In the county of Derby, England, a unit of length used by a miner taking possession of a claim to a vein of lead ore. It was in various times and places = 29, 31 or 32 yards. See the sources.
When a miner has found a new vein of ore in the King's-field, provided it be not in an orchard, garden, high-road, or church-yard, he may obtain an exclusive title to it, on application to the barmaster. The method of giving possession, is, in the presence of two jurymen, marking out in a pipe, or rake-work, two meers of ground, each containing twenty-nine yards; and in flat work, fourteen yards square.
Stephen Glover, publisher; Thomas Noble, editor.
The History and Gazetteer of the County of Derby….

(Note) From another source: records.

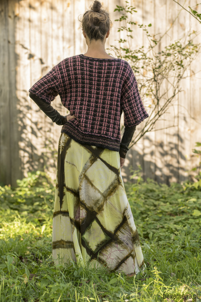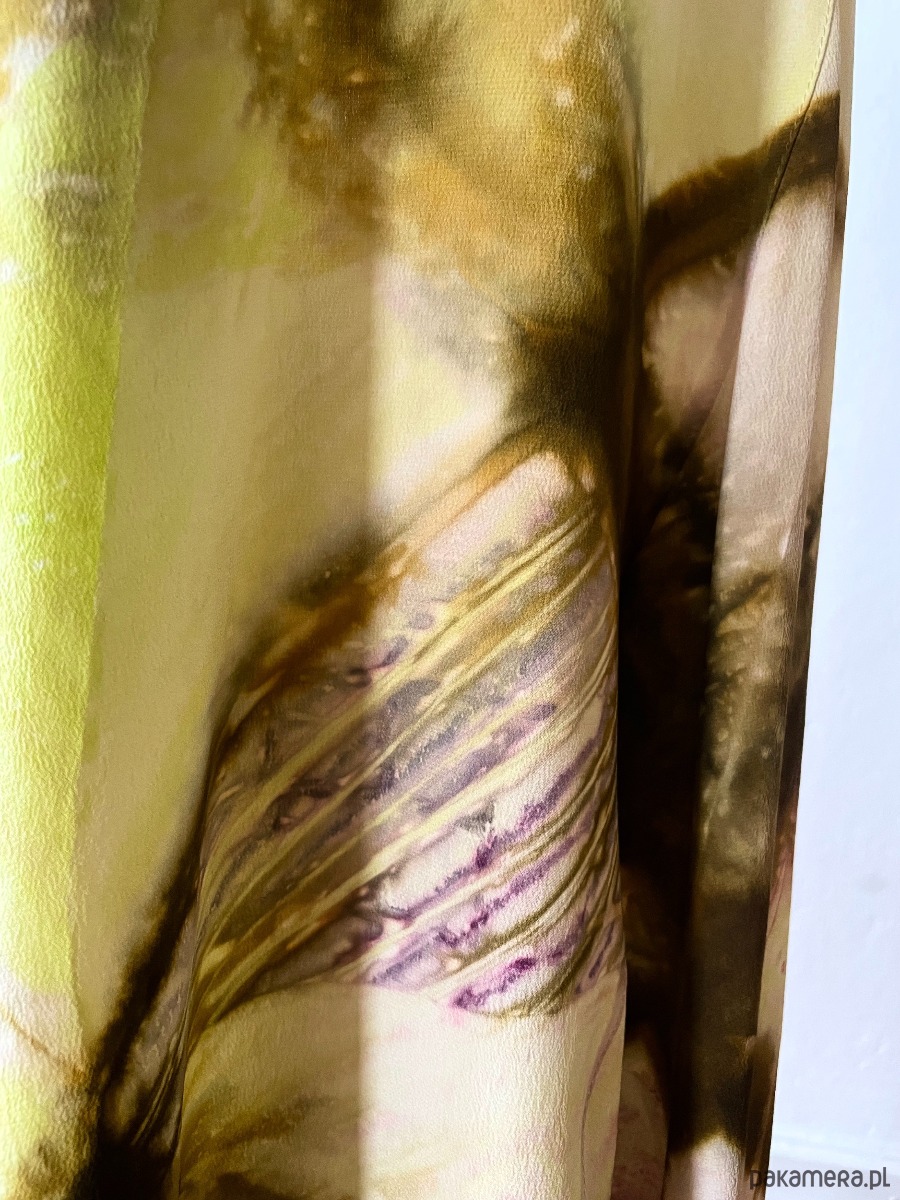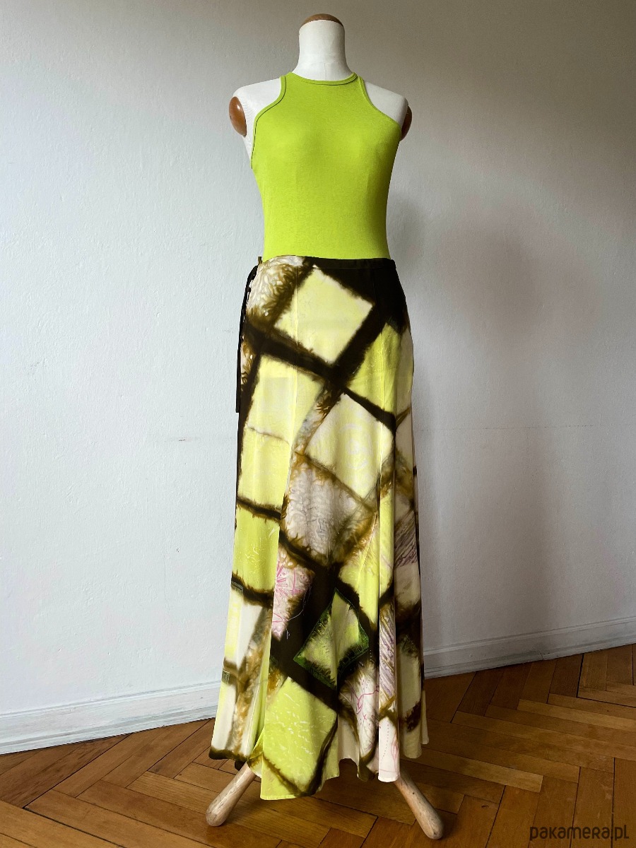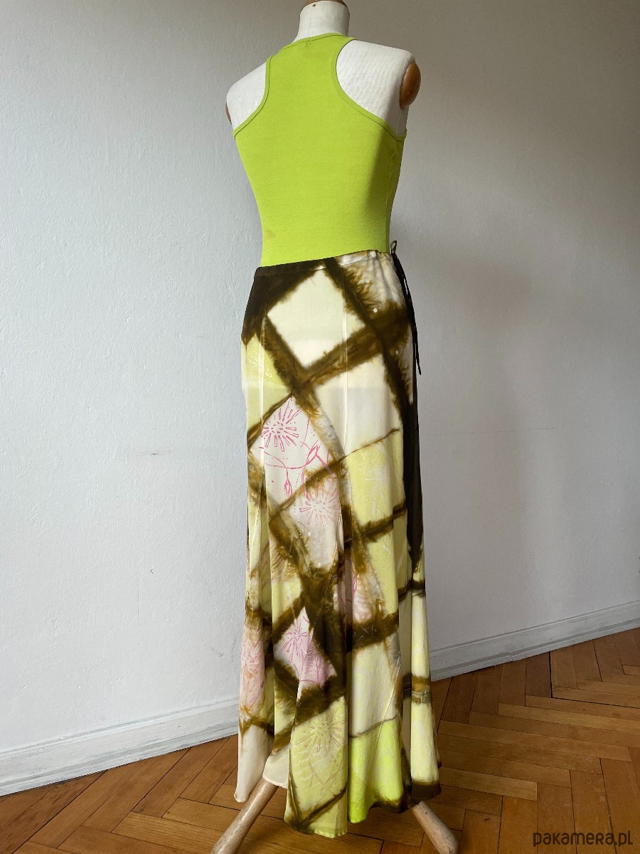 Długa jedwabna spódnica z jedwabiu naturalnego ( 100% krepa pure Silk ) Uszyta z 6 klinów, tak jak były szyte spódnice bananowe w latach 70 tych. Kliny mają specjalny krój , który sprawia że spódnica jest dość wąska na biodrach i płynnie poszerza się do dołu. Wyrafinowane zestawienie koloru khaki z zielonym i różowym. Barwiona techniką shibori, malowana i drukowana. Wymiary : długość 99 cm, pas ( regulowany ) max 85 cm, biodra obwód 98 cm, dół szerokość aż 244 cm ! bananowa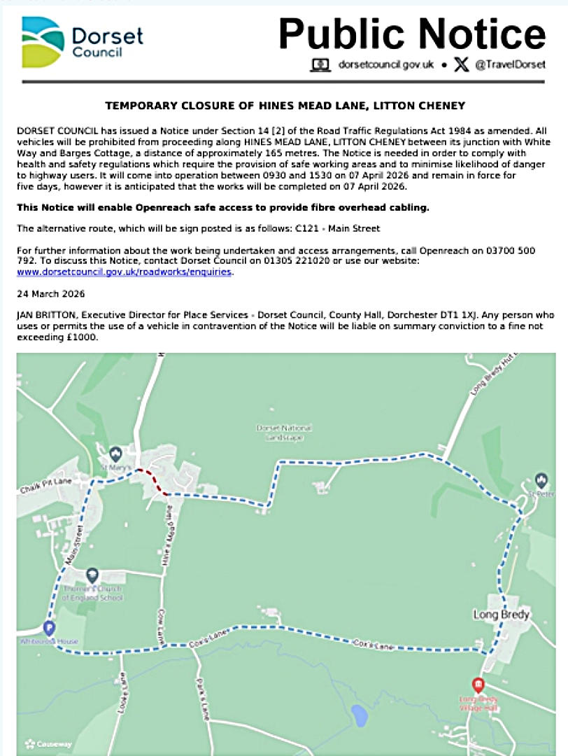 Parish Councillors – contact details on the village website littoncheney.org.uk There will shortly be a leaflet drop – please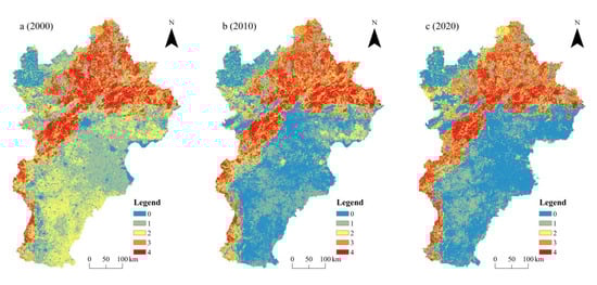 Hotspot analysis is a proven technique to identify the region where the value that is of high interest occurs [,]. In this study, the grid whose ecosystem service exceeded the respective average values of all grids was defined as the hotspots of this kind of ecosystem service, and the multiple ecosystem services hotspots in BTH were obtained by overlaying the hotspots of four ecosystem services. If the grids did not exceed their corresponding mean values, these raster cells were defined as non-hot area. If the raster cell had only one ecosystem service above the average, then this type of raster was defined as class 1 hotspot. Based on this, Class 2, 3, and 4 hotspots were defined respectively, and the spatial distribution pattern of multiple ecosystem service hot spots was finally obtained [,].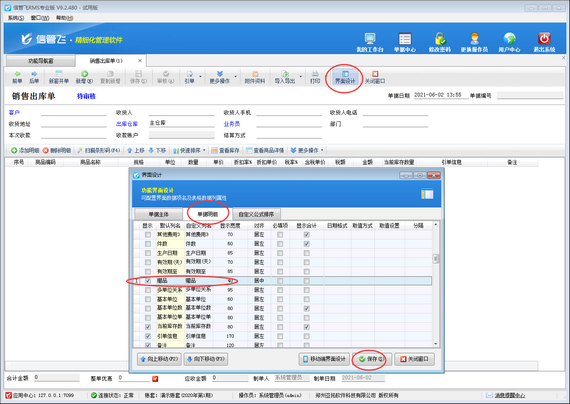 首先打開銷售出庫單開單界面,如下圖所示,軟件默認(rèn)不顯示“贈(zèng)品”項(xiàng),需要先通過界面設(shè)計(jì)配置將“贈(zèng)品”項(xiàng)勾選顯示出來。在工具欄點(diǎn)擊“界面設(shè)計(jì)”—》“單據(jù)明細(xì)”,找到“贈(zèng)品”項(xiàng),將其勾選顯示出來,然后點(diǎn)擊“保存”按鈕保存設(shè)置。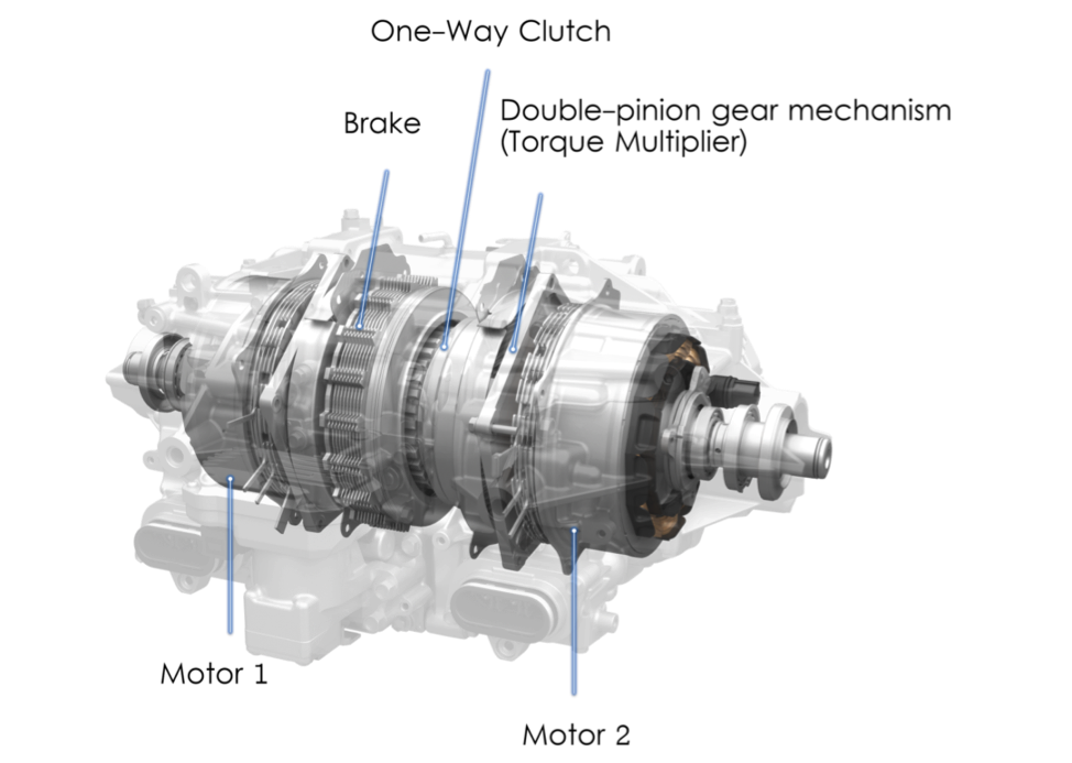 奥迪以前不是在RS5后桥配了非常复杂的差速器,实现了后桥矩矢量控制吗?本田爽快一点,直接在前桥电机上玩扭矩矢量控制,当然这样做控制难度比较大(前桥特殊)。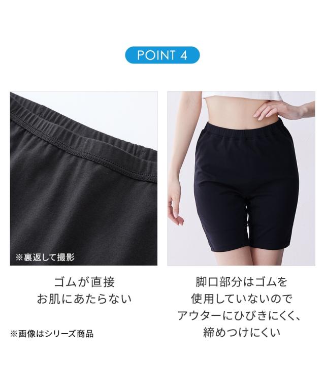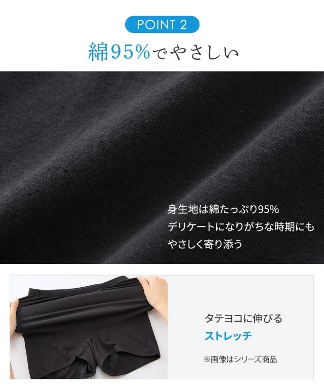 ブルーな日に絶対モレを防ぎたいならこのオーバーパンツ!裏全面防水布だから、ショーツの上に重ねばきすることで、お仕事時も夜も心強い。ウエストはゴムが直接肌にあたらない仕様。身生地は肌ざわりのいい綿混ストレッチではき心地も抜群。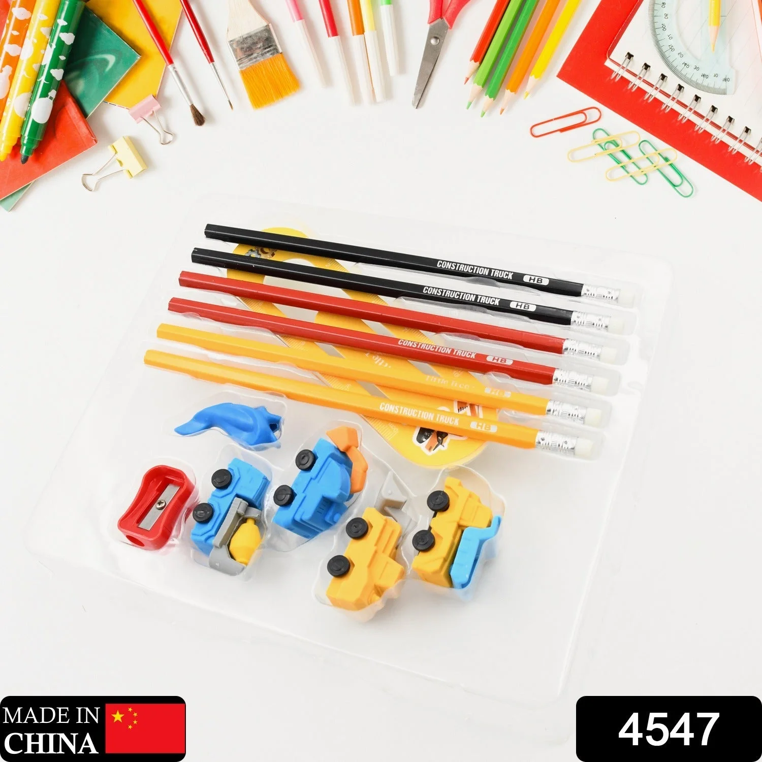 4547 Pencil and Eraser Set, Construction Truck Theme Stationery Kit Includes 6 Pencils, 4 Erasers, 1 Sharpener, 1 Ruler Bookmark, 1 Pencil Cap Stationary For Birthday Gifts for Kids, Birthday Return Gifts (13 Pc set)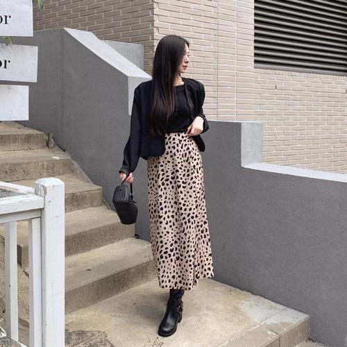 [트위]호피 A라인 롱 스커트 TJHBFSK021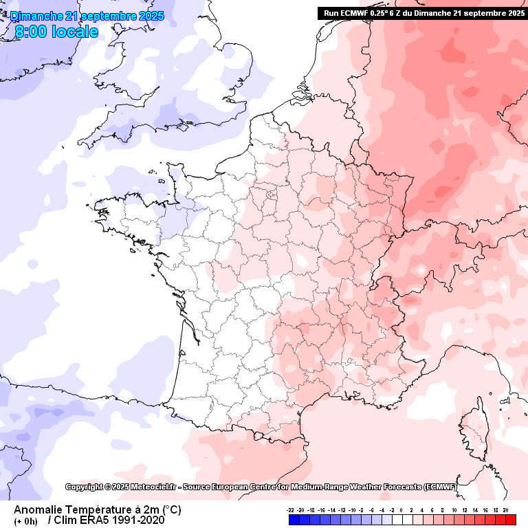 Prévisions des anomalies de température à 2 m du sol jusqu'à vendredi 26 septembre - modèle Météo européen - site METEOCIEL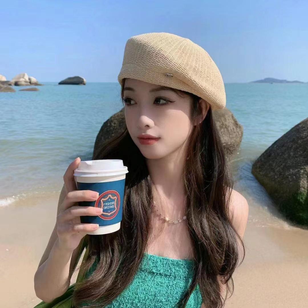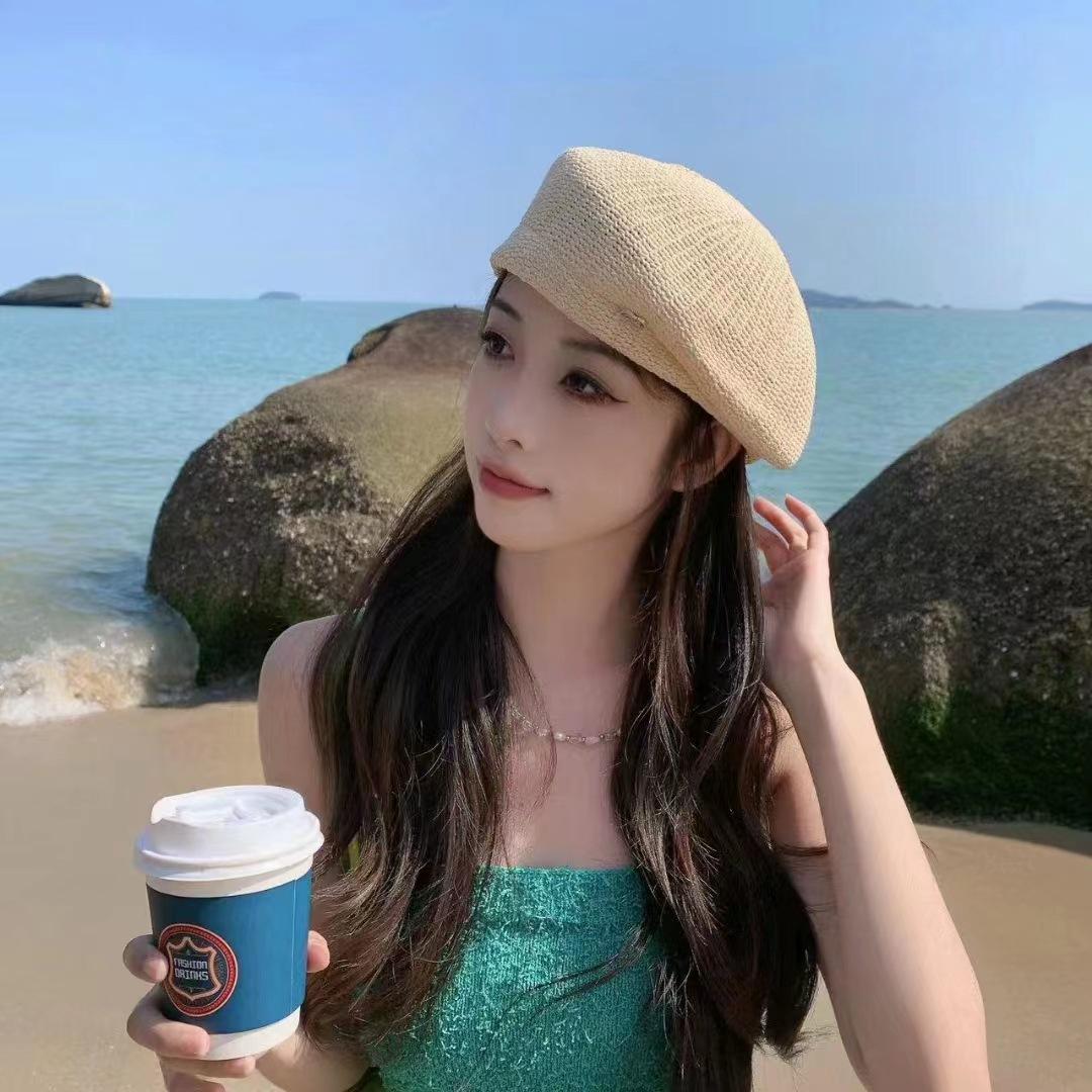 2023 K hermana mayor (Nuevo estilo) boina de lino ligera transpirable cómoda temperamento Joker amigable con la piel sombrero de pintor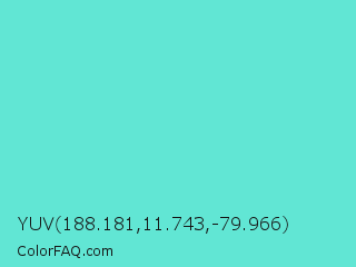 YUV 188.181,11.743,-79.966 Color is a light cyan color and the nearest color is Aquamarine Blue #71d9e2. Hex code #61e6d4 and RGB value is rgb(97,230,212). In RGB color space, this color is composed of 38% red, 90% green, 83% blue, In CMYK color space, this color is composed of 58% cyan, 0% magenta, 8% yellow , 10% black , In HSL color space, this color has a hue angle of 172° , 73% saturation and 64% lightness.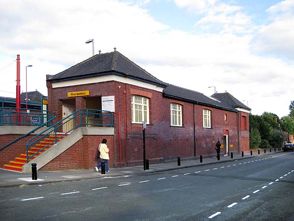 ![]() Exterior view of West Jesmond’s down platform building, looking south-east in July 2010. This structure complemented the design of the building on the opposite platform, but lacked the central gable. The original entrance to the platform and subway was at street level, towards the far end of the building. The stepped access and entrance in the foreground were added after British Rail relinquished control. Photo by Ali Ford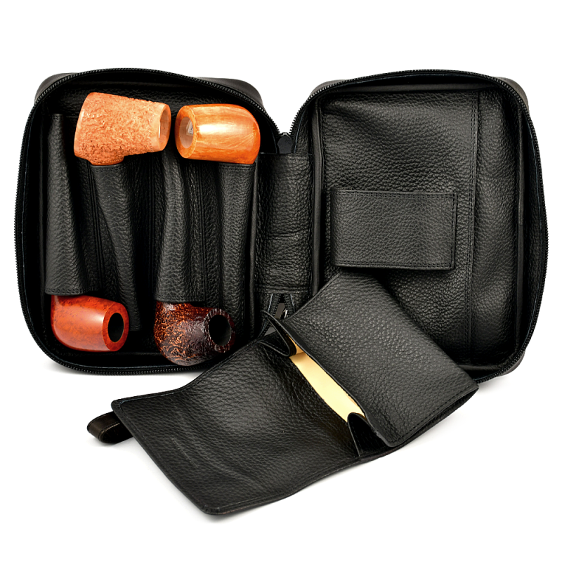 Сумка c кисетом, из высококачественной, мягкой кожи, для четырёх трубок.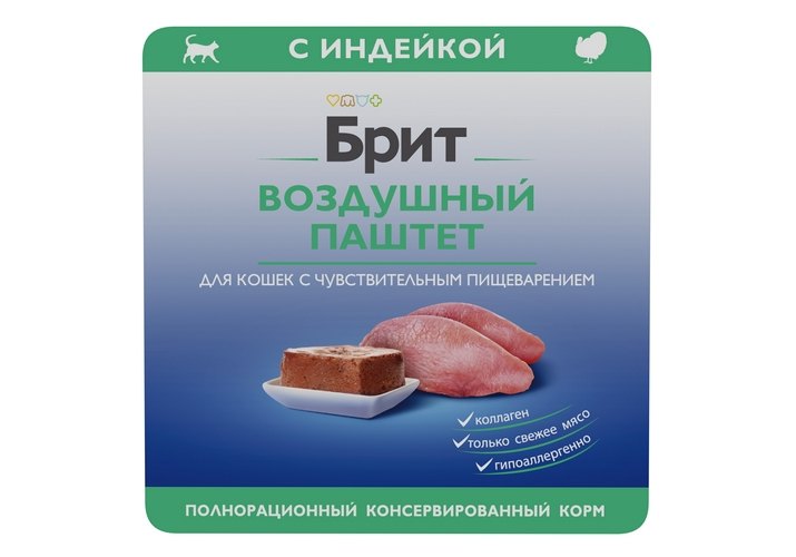 Brit Sensitive Воздушный паштет Влажный корм (Ламистеры) Брит для кошек с Чувствительным пищеварением с Индейкой (цена за упаковку) 100г х 14шт

Derby: Printed by Henry Mozley and Son, 1831.
Vol. 1, page 55.
The term meer denotes a customary measure of land containing lead ore, to which a Derbyshire miner is entitled when he finds a metallic vein. Formerly a Derbyshire meer in the Low Peak contained 29 yards in length, and in the High Peak 31 yards in length, the breadth of a meer in both districts being from skirt to skirt, whether the vein consisted of a rake, pipe-work, or flat-work. Add. MS. 6681, p. 926. Now, however, by the recent statute, 14 & 15 Vict. c. 94, art. 18, so far as relates to the High Peak, every meer of ground shall contain 32 yards in length. See Tapping's High Peak Min. Cus. pp; 19, 104.
From the Glossary in
The Rhymed Chronicle of Edward Manlove...
London: Shaw and Sons, 1851.
Manlove's poem originally appeared as:
The Liberties and Customs of the Lead-Mines within the Wapentake of Wirksworth in the County of Derby.